This way of putting things allows us to be flexible with regard to the overlap of populations.

Some think that there is a lot; some think that there is not very much. The diplomat’s way

around this dispute is to observe that both sides agree that there is at most as much as will

preserve the integrative character of populations – the disagreement is just about where this

Goldilocks point is located. Since we have stated the integration-condition without committing

ourselves to non-overlap, we are off the Equivalence Class Requirement hook. But note that

there is an ontological cost: we have just stipulated the existence of populations over and

above individuals. As we shall see, however, this is a cost cheerfully borne by some species-

theorists, for example Elizabeth Vrba (1995), who posits species and populations as complex

systems.

With this point in mind, we can now return to the problem of the first chicken. As we

have seen this is a problem that raises questions about intermediates – about whether Charlie

is a chicken or a pre-chicken or both. For this reason, the at-most-one-species rule is the point

of attack for many philosophers and biologists who want to respond to this problem – they ask

which species given transitional individuals belong to.
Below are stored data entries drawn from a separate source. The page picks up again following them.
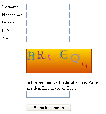 Im folgenden Beispiel sehen Sie ein solches Captcha. Es erzeugt wahllos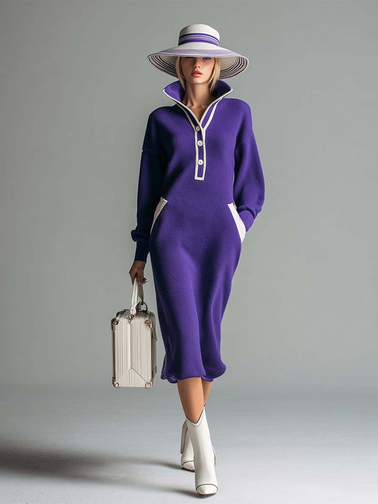 Élégante Robe Midi Tricotée Violet à Col Montant avec Détails Boutonnés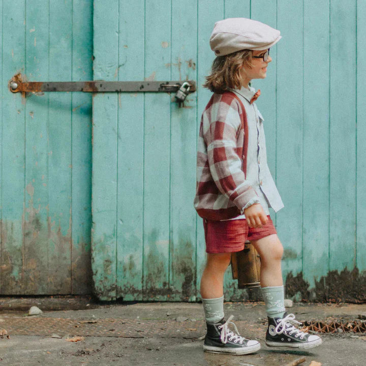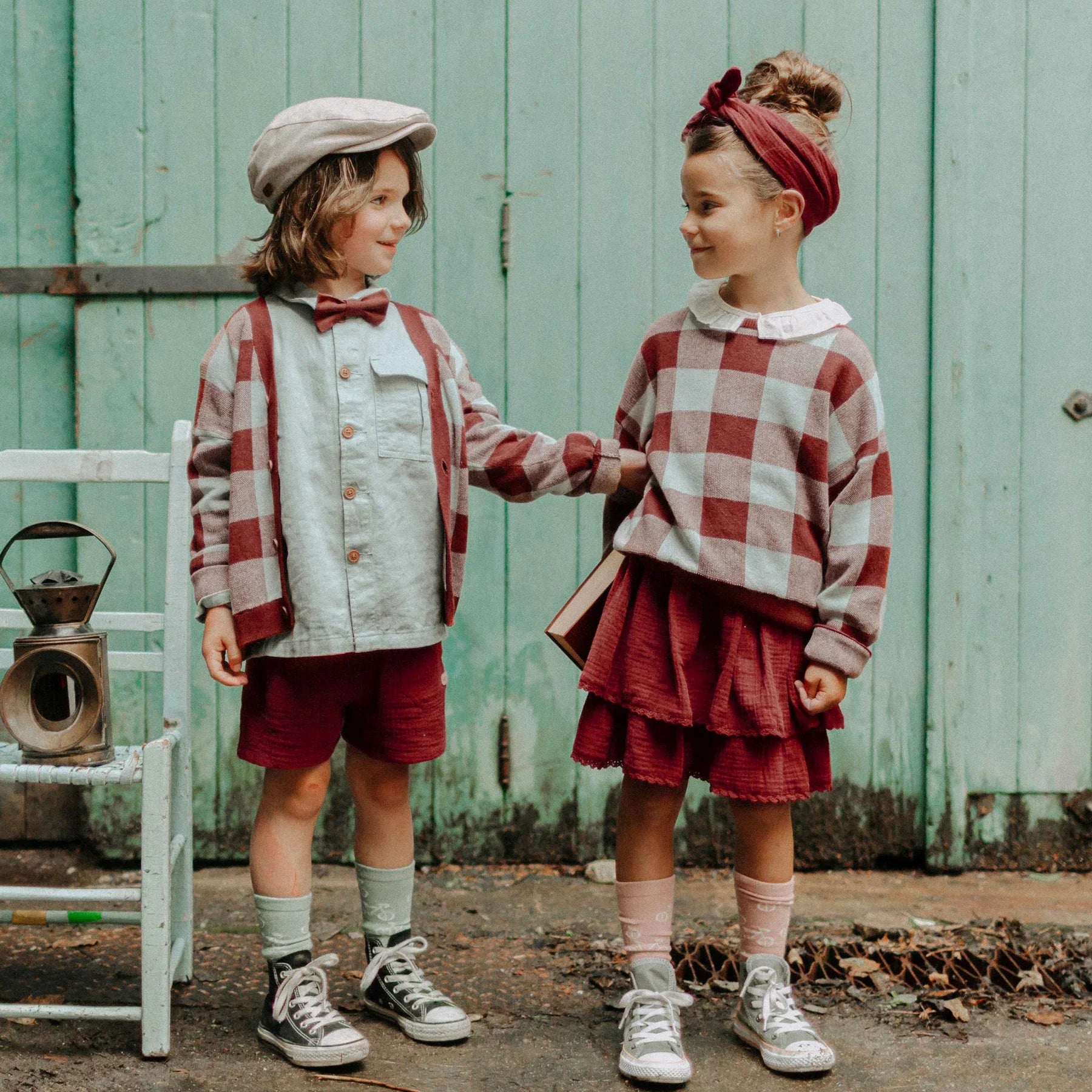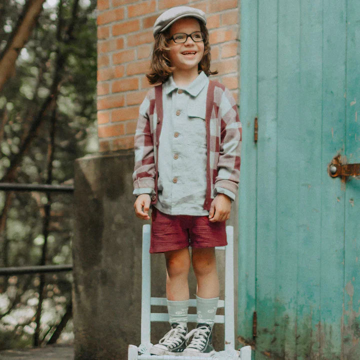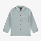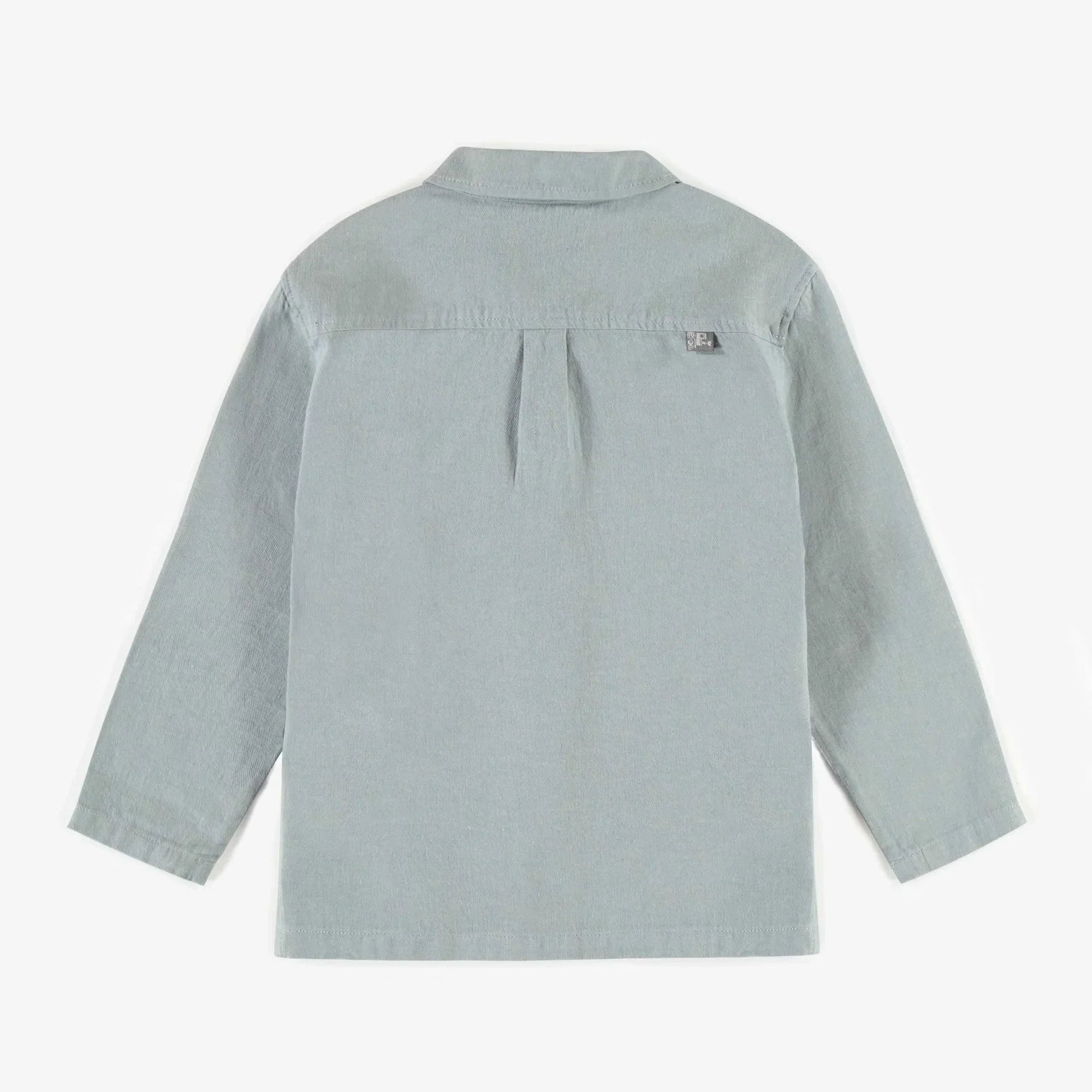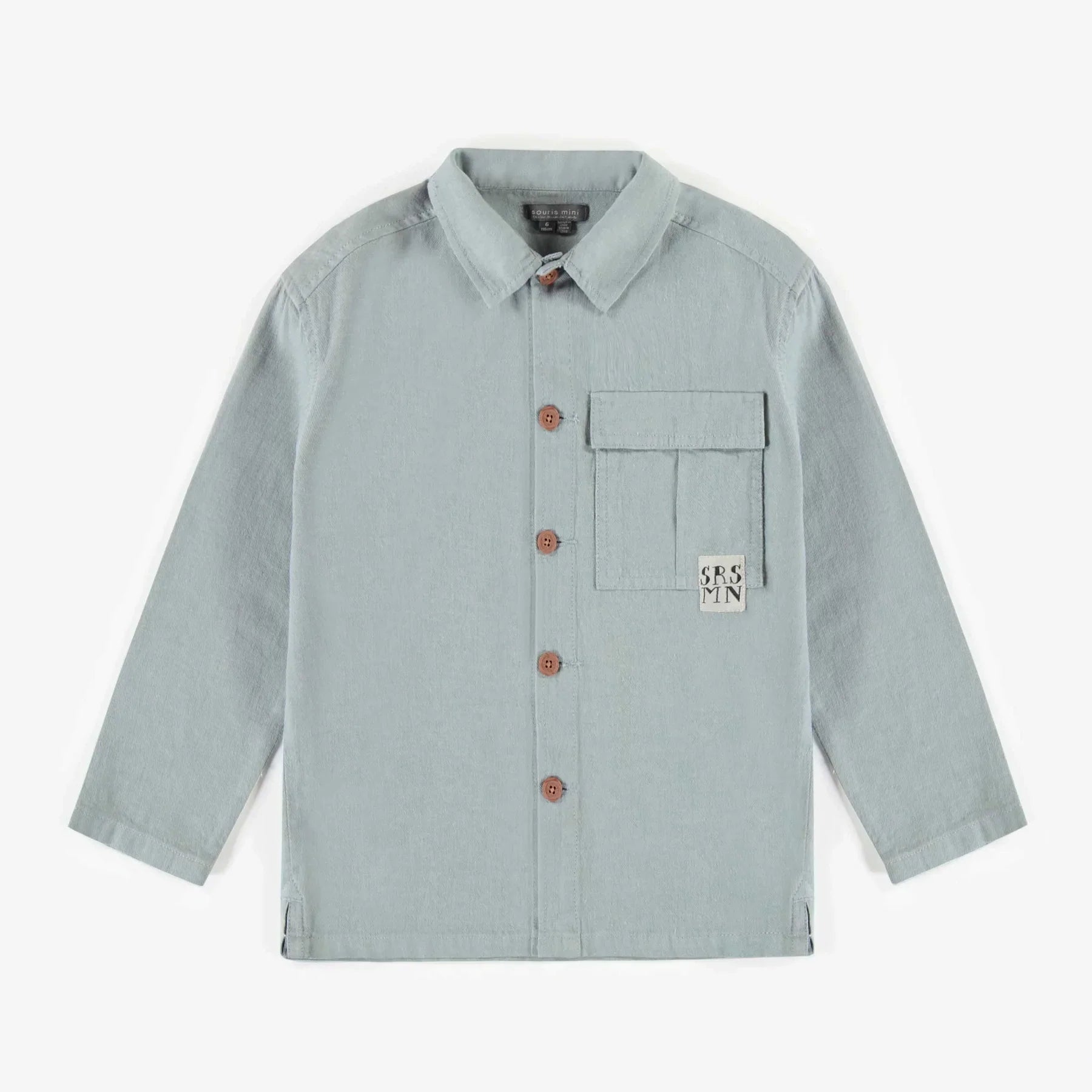 A classic blue shirt with a large applied pocket in front and have buttons to close it. Made in a woven of linen and cotton. Can be folded to make short sleeves shirt. Convenient for overlay.

The most common response is to

abandon the idea that speciation occurs suddenly, i.e., to suggest that temporal species

boundaries during speciation are fuzzy – and Sorensen tries to cut through the problem of how

fuzziness affects the at-most-one species rule. But if my analysis is correct, we would be wise to

skirt around the question of overlap. Another point of attack is available to us. We should ask

how populations figure in the emergence of chickens.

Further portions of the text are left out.